The Health Resources and Services Administration Delivered on
Biden-Harris Administration Priorities

“The Health Resources and Services Administration (HRSA) played an essential role in delivering results on multiple Biden-Harris Administration priorities, including improving access to health care services for underserved and rural communities, strengthening maternal health, expanding access to mental health and substance use disorder services, and growing the health care workforce,” said HRSA Administrator Carole Johnson.  “We are proud of the work we have done in the Biden-Harris Administration in partnership with community-based organizations, community-based providers, and health educators across the country to improve health outcomes for underserved and rural communities and look forward to this work continuing to grow in the years ahead.”

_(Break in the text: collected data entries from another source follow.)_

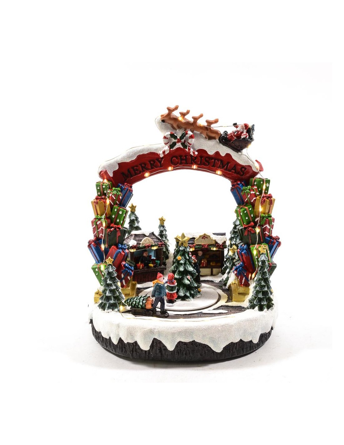 PAESAGGIO NATALZIO CON MUSICA LUCI E MOVIMENTO A BATTERIA E CORRENTE USB 24X18X30CM IN PLASTICA E RESINA IN SCATOLA REGALO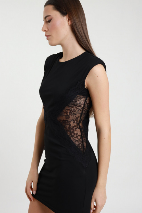 Short dress, short sleeves with rhinestone applications on the shoulders. 65%VI 35%NY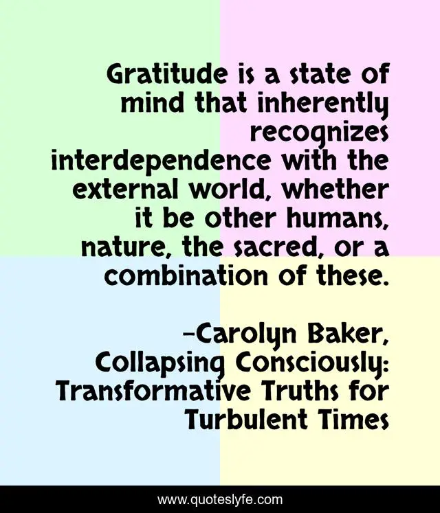 This page presents the quote "Gratitude is a state of mind that inherently recognizes interdependence with the external world, whether it be other humans, nature, the sacred, or a combination of these.". Author of this quote is Carolyn Baker, Collapsing Consciously: Transformative Truths for Turbulent Times. This quote is about activism, sacred,.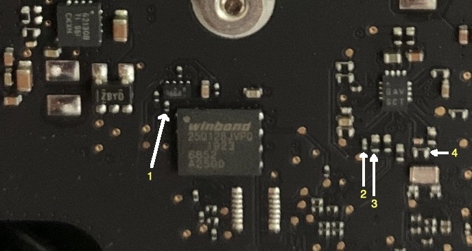 Respectfully request help identifying 4 missing components on a 2019 21.5" iMac board. Not worried about the Bios/EFI chip.
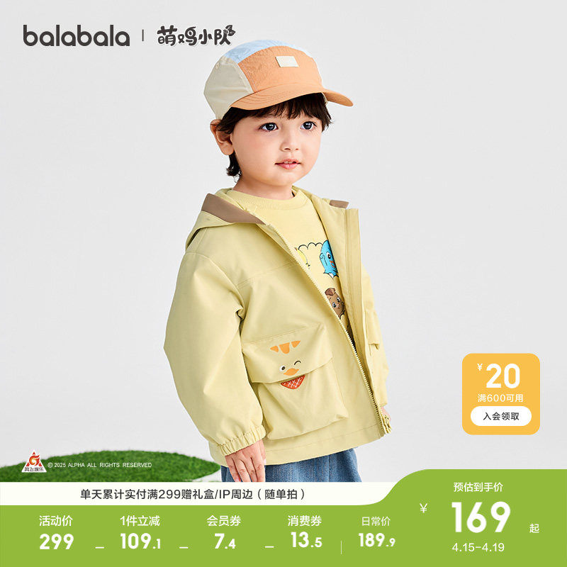 巴拉巴拉童装儿童外套男童上衣春秋装衣服软壳衣宽松连帽百搭小童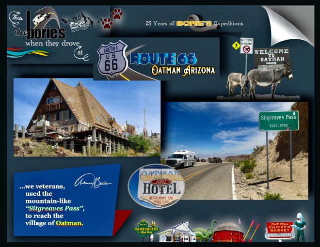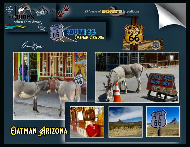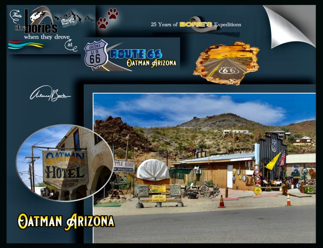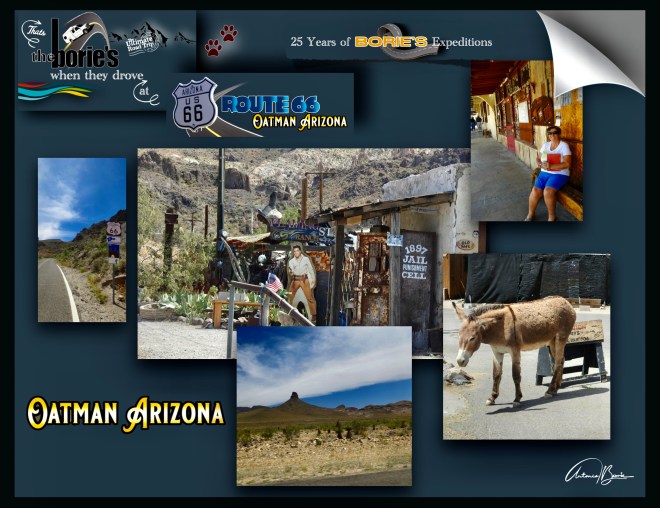 …cruzar as montanhas negras de Mohave, era a única maneira de chegar à aldeia de Oatman, que é uma antiga aldeia de mineração, tal como os viajantes que em tempos usaram a hoje Histórica Estrada 66, localizada numa elevação de 2700 ft / 896m, começando como um acampamento de barracas, logo depois que dois prospectors encontraram um achado de ouro de $10 milhões por volta do ano de 1915, embora a área tivesse sido estabelecida já por alguns anos!.

Providing high-quality health care

The Biden-Harris Administration:

  • Delivered primary care to 1-in-10 people in the country regardless of their ability to pay, 90% of whom live at or below 200% of the federal poverty level, by expanding HRSA-supported community health centers to serve more than 31 million patients;
  • Secured bipartisan legislation that doubled the federal investment in maternal and child home visiting services to $800 million a year to provide double the number of pregnant and new parents in-home visits from nurses, social workers, and other trained providers to improve maternal health and advance child development;
  • Launched the first major overhaul of the nation’s organ procurement and transplant system in 40 years to improve the system for the more than 100,000 people on the organ transplant waitlist, including securing passage of historic bipartisan reform legislation, unprecedented increases in annual appropriations, and strengthened governance, transparency, and accountability across the system;
  • Launched the new National Maternal Mental Health Hotline at 833-TLC-MAMA, which has responded to more than 50,000 calls and texts from pregnant women, new moms, and their loved ones;
  • Took unprecedented steps to integrate mental health and substance use disorder services into primary care by launching and growing mental health and substance use disorder services at more than 400 community health centers serving 10 million patients;
  • Reversed long-standing federal policy that prohibited community health centers from engaging with reentry populations prior to their release from jails and prisons and made the first-ever federal investment to support this reentry work;
  • Achieved a record-breaking rate of more than 90% of HRSA’s Ryan White HIV/AIDS Program clients reaching viral suppression – meaning their HIV is undetectable and untransmittable – through life-saving care, treatment, and medications for low-income people with HIV;
  • Created new capacity in over 1,500 rural communities to combat fentanyl and other opioids by establishing new HRSA-supported rural substance use disorder treatment and recovery services;
  • Took new action to engage individuals with HIV facing barriers to care and got over 40,000 people with HIV into treatment or reengaged in treatment;
  • Added weekend, evening, and early morning primary care hours in 125 HRSA-funded community health centers that serve nearly 4.2 million people and see patients regardless of ability to pay; funded health centers will average an additional 20 hours of operation a week to improve access to care;
  • Launched new community health center maternal health care innovations to improve early access to prenatal care and expand care services for new moms and their babies; health centers have delivered high quality prenatal care to more than 2 million patients over the last four years.
  • Kept thousands of health care facilities open and operating during the COVID-19 pandemic by investing nearly $24 billion in payments to health care providers and facilities over the last four years, including $8.3 billion specifically dedicated to providers serving rural patients;
  • Enrolled over 2,000 birthing facilities in HRSA programs improving maternal health care quality so that hospitals are prepared to respond to the leading causes of adverse pregnancy outcomes like hemorrhage, behavioral health issues, high blood pressure, and other factors;
  • Managed nearly $3.5 billion and over 1,900 Congressionally Directed Spending projects, including significant health system construction projects, key support for community-based organizations, and other initiatives as directed by Congress.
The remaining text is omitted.